LeetCode 851 - Loud and Rich


https://leetcode.com/problems/loud-and-rich/description/
In a group of N people (labelled 0, 1, 2, ..., N-1), each person has different amounts of money, and different levels of quietness.
For convenience, we'll call the person with label x, simply "person x".
We'll say that richer[i] = [x, y] if person x definitely has more money than person y.  Note that richer may only be a subset of valid observations.
Also, we'll say quiet[x] = q if person x has quietness q.
Now, return answer, where answer[x] = y if y is the least quiet person (that is, the person y with the smallest value of quiet[y]), among all people who definitely have equal to or more money than person x.

Example 1:
Input: richer = [[1,0],[2,1],[3,1],[3,7],[4,3],[5,3],[6,3]], quiet = [3,2,5,4,6,1,7,0]
Output: [5,5,2,5,4,5,6,7]
Explanation: 
answer[0] = 5.
Person 5 has more money than 3, which has more money than 1, which has more money than 0.
The only person who is quieter (has lower quiet[x]) is person 7, but
it isn't clear if they have more money than person 0.

answer[7] = 7.
Among all people that definitely have equal to or more money than person 7
(which could be persons 3, 4, 5, 6, or 7), the person who is the quietest (has lower quiet[x])
is person 7.

The other answers can be filled out with similar reasoning.
Note:
  1. 1 <= quiet.length = N <= 500
  2. 0 <= quiet[i] < N, all quiet[i] are different.
  3. 0 <= richer.length <= N * (N-1) / 2
  4. 0 <= richer[i][j] < N
  5. richer[i][0] != richer[i][1]
  6. richer[i]'s are all different.
  7. The observations in richer are all logically consistent.
X. DFS
https://leetcode.com/problems/loud-and-rich/discuss/137918/C%2B%2BJavaPython-Concise-DFS
The description is not easy to understand.
In fact it's a basic dfs traversal problem.
For every people, call a sub function dfs to compare the quiet with others, who is richer than him.
Also we will note this answer to avoid repeated calculation.


Time Complexity:
O(richer.length),
Sub function dfs traverse every people only once, and every richer is traversed only one once.
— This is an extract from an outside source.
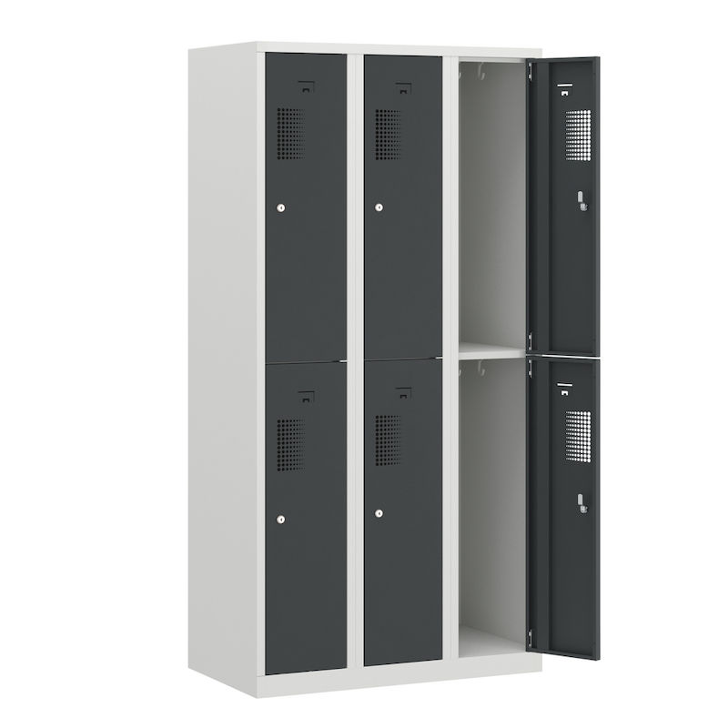 Klädskåp med två fack Amsterdam, 3 sektioner, bredd 900 mm, 6 fack, ljusgrå/basaltgrå.

    HashMap<Integer, List<Integer>> richer2 = new HashMap<>();
    int res[];
    public int[] loudAndRich(int[][] richer, int[] quiet) {
        int n = quiet.length;
        for (int i = 0; i < n; ++i) richer2.put(i, new ArrayList<Integer>());
        for (int[] v : richer) richer2.get(v[1]).add(v[0]);
        res = new int[n]; Arrays.fill(res, -1);
        for (int i = 0; i < n; i++) dfs(i, quiet);
        return res;
    }

    int dfs(int i, int[] quiet) {
        if (res[i] >= 0) return res[i];
        res[i] = i;
        for (int j : richer2.get(i)) if (quiet[res[i]] > quiet[dfs(j, quiet)]) res[i] = res[j];
        return res[i];
    }

Consider the directed graph with edge x -> y if y is richer than x.
For each person x, we want the quietest person in the subtree at x.
Algorithm
Construct the graph described above, and say dfs(person) is the quietest person in the subtree at person. Notice because the statements are logically consistent, the graph must be a DAG - a directed graph with no cycles.
Now dfs(person) is either person, or min(dfs(child) for child in person). That is to say, the quietest person in the subtree is either the person itself, or the quietest person in some subtree of a child of person.
We can cache values of dfs(person) as answer[person], when performing our post-order traversal of the graph. That way, we don't repeat work. This technique reduces a quadratic time algorithm down to linear time.
  • Time Complexity: O(N), where N is the number of people.
  • Space Complexity: O(N), the space used by the answer, and the implicit call stack of dfs.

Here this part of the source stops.